The file we are going to process is called file1.htm:

Note: To ensure that the code is displayed correctly, in the example code shown in this article, square brackets ‘[..]‘ are used in HTML tags instead of angle brackets ”.

[html]
[head][title]Sample HTML File[/title]
[link rel="stylesheet" type="text/css" onClick="javascript:pageTracker._trackPageview('/outgoing/article_exit_link');" href="style.css"]
[/head]
[body]
[h1]Introduction[/h1]
[p]Welcome to the world of Perl and regular expressions[/p]
[h2]Programming Languages[/h2]
[table border="1" width="400"]
[tr][th colspan="2"]Programming Languages[/th][/tr]
[tr][td]Language[/td][td]Typical use[/td][/tr]
[tr][td]JavaScript[/td][td]Client-side scripts[/td][/tr]
[tr][td]Perl[/td][td]Processing HTML files[/td][/tr]
[tr][td]PHP[/td][td]Server-side scripts[/td][/tr]
[/table]
[h1]Summary[/h1]
[p]JavaScript, Perl, and PHP are all interpreted programming languages.[/p]
[/body]
[/html]

Imagine that we need to change both occurrences of [h1]heading[/h1] to [h1 class="big"]heading[/h1]. Not a big change and something that could be easily done manually or by doing a simple search and replace. But we’re just getting started here.
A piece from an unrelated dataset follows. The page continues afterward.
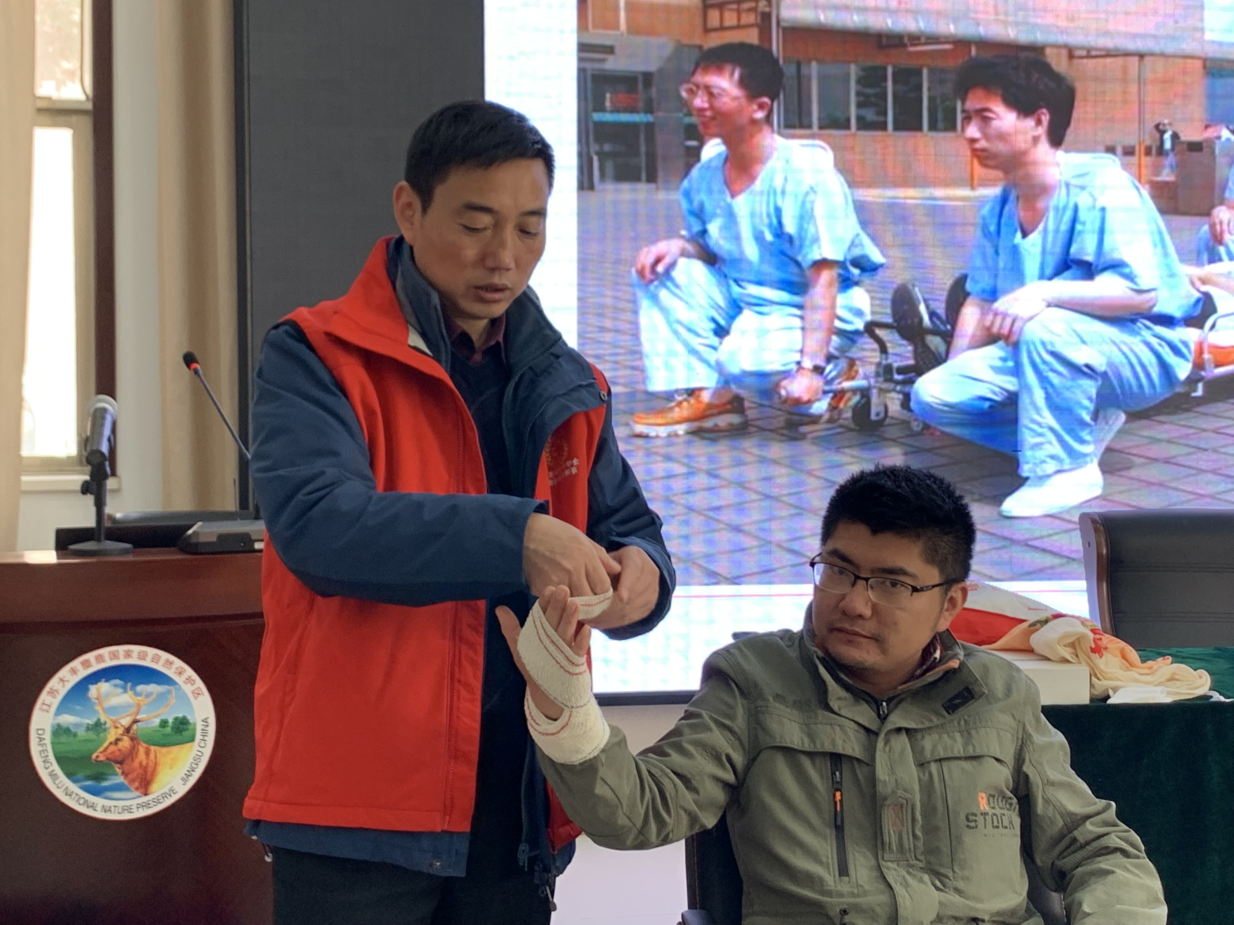 大丰区急救中心沈桂芳主任为大家讲授了心肺复苏课程,大丰区红十字会王银存主任讲授了应急包扎课程,两位老师从理论到实践,循序渐进、逐步深入,让保护区全体职工了解了急救的基本常识和实用技能,提高了职工们在日常工作中的自救与互救等应对突发事件的现场救护能力。

To do this, we could use the following Perl script (script1.pl):

1 open (IN, “file1.htm”);
2 open (OUT, “>new_file1.htm”);
3 while ($line = [IN]) {
4 $line =~ s/[h1]/[h1 class="big"]/;
5 (print OUT $line);
6 }
7 close (IN);
8 close (OUT);

Note: You don’t need to enter the line numbers. I’ve included them simply so that I can reference individual lines in the script.

Let’s look at each line of the script.

Line 1
In this line file1.htm is opened so that it can be processed by the script. In order to process the file, Perl uses something called a filehandle, which provides a kind of link between the script and the operating system, containing information about the file that is being processed. I’ve called this “opening” filehandle ‘IN’, but I could have used anything within reason. Filehandles are normally in capitals.

Line 2
This line creates a new file called ‘new_file1.htm’, which is written to by using another filehandle, OUT. The ‘>’ just before the filename indicates that the file will be written to.

Line 3
This line sets up a loop in which each line in file1.htm will be examined individually.

Line 4
This is the regular expression. It searches for one occurrence of [h1] on each line of file1.htm and, if it finds it, changes it to [h1 class="big"].

Looking at Line 4 in more detail:

$line – This is a variable that contains a line of text. It gets modified if the substitution is successful.

=~ is called the comparison operator.

s is the substitution operator.

[h1] is what needs to be substituted (replaced).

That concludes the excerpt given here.